__Instructions to follow__
Write the listing out again word for word, leaving each picture behind.

====== Data shown

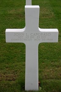 John L. Caporaso worked as a laboratory technician before he enlisted at Fort Devens, Massachusetts on 8 March 1944.He joined his unit from a replacement depot on 9 October 1944. He was lightly wounded in action on 18 October 1944 but remained on duty and was promoted from Private to Sergeant on 24 October 1944.
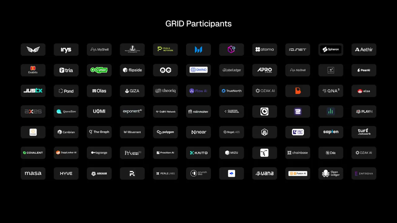如今,GRID生态已初具规模,集成了来自Web2和Web3超过110个合作伙伴,包括能够生成图表的Napkin、高级搜索引擎Exa、提供加密社交数据的Kaito以及EigenLayer等。
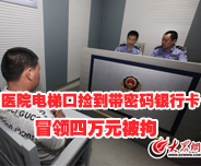 医院电梯口捡到带密码银行卡 冒领四万元被拘
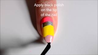 Basically you just paint a strip of pink at the base of the nail (the rubber), then a thin line of silver (the metal surrounding the rubber), followed by a chunk of yellow (the pencil body), and finished with a bit of beige (the wood). And a dot of black ~lead~.

============

__Exercise response__
 John L. Caporaso worked as a laboratory technician before he enlisted at Fort Devens, Massachusetts on 8 March 1944.He joined his unit from a replacement depot on 9 October 1944. He was lightly wounded in action on 18 October 1944 but remained on duty and was promoted from Private to Sergeant on 24 October 1944.
如今,GRID生态已初具规模,集成了来自Web2和Web3超过110个合作伙伴,包括能够生成图表的Napkin、高级搜索引擎Exa、提供加密社交数据的Kaito以及EigenLayer等。
 医院电梯口捡到带密码银行卡 冒领四万元被拘
 Basically you just paint a strip of pink at the base of the nail (the rubber), then a thin line of silver (the metal surrounding the rubber), followed by a chunk of yellow (the pencil body), and finished with a bit of beige (the wood). And a dot of black ~lead~.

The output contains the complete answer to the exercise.